*Instructions to follow*
Transcribe all of the data verbatim, please, and leave out its pictures.

*Information supplied*
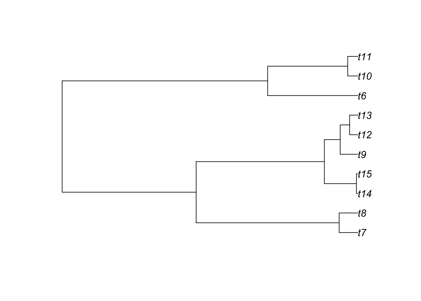 Throughout these exercises, we will often use simulated trees, which are very useful for pedagogical purposes. Trees can be simulated using several functions, but here is an example to simulate one tree with 15 species.
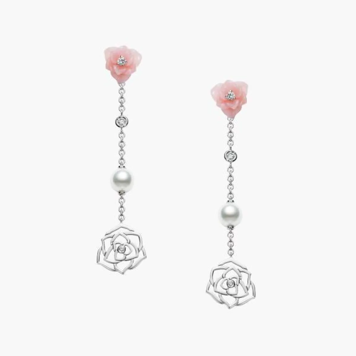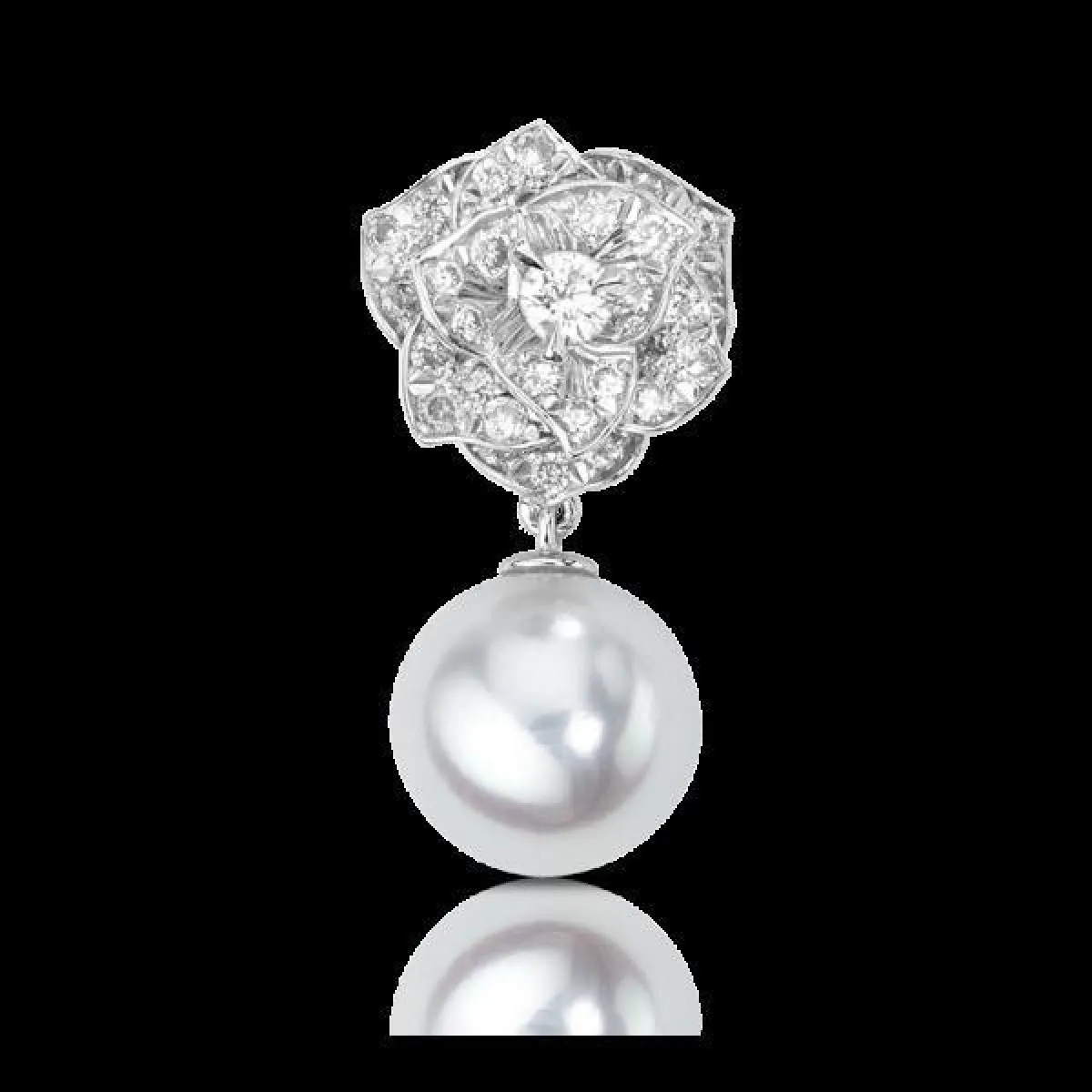 ويمكن أن يتناغم اللؤلؤ مع الذهب الأصفر أيضاً، مثل أقراط الوردة الماسية التي يتدلى منها حبّة لؤلؤ من توقيع ماركة فان كليف آند آربلز VAN CLEEF & ARPELS.
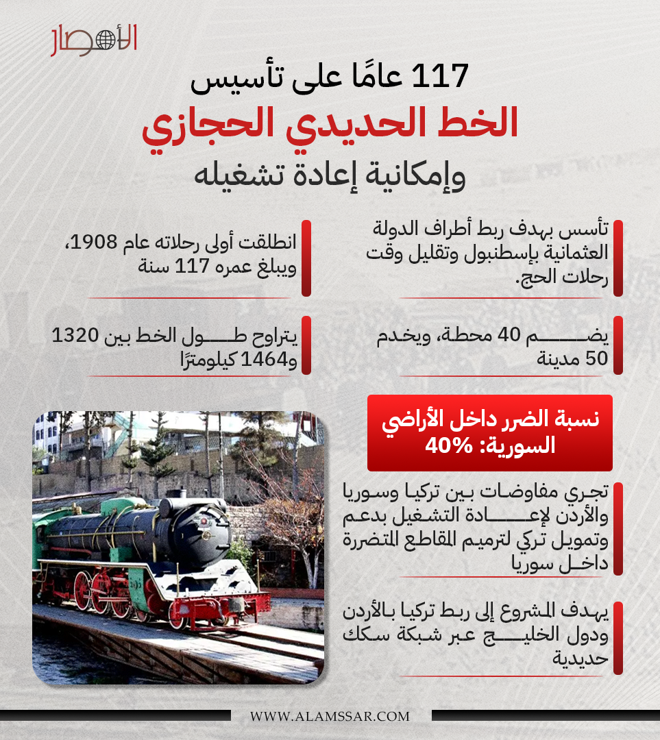 انفوجراف.. 117 عامًا على تأسيس الخط الحديدي الحجازي وإمكانية إعادة تشغيله
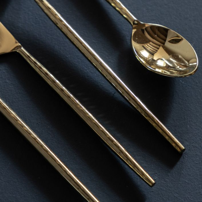 Designed to elevate everyday dining, the Alora 16-piece cutlery set brings refined glamour to the table. Finished in a soft gold tone, each piece features elegantly hammered handles that catch the light, adding subtle texture and a sense of understated luxury.

*Response*
 Throughout these exercises, we will often use simulated trees, which are very useful for pedagogical purposes. Trees can be simulated using several functions, but here is an example to simulate one tree with 15 species.
 ويمكن أن يتناغم اللؤلؤ مع الذهب الأصفر أيضاً، مثل أقراط الوردة الماسية التي يتدلى منها حبّة لؤلؤ من توقيع ماركة فان كليف آند آربلز VAN CLEEF & ARPELS.
 انفوجراف.. 117 عامًا على تأسيس الخط الحديدي الحجازي وإمكانية إعادة تشغيله
 Designed to elevate everyday dining, the Alora 16-piece cutlery set brings refined glamour to the table. Finished in a soft gold tone, each piece features elegantly hammered handles that catch the light, adding subtle texture and a sense of understated luxury.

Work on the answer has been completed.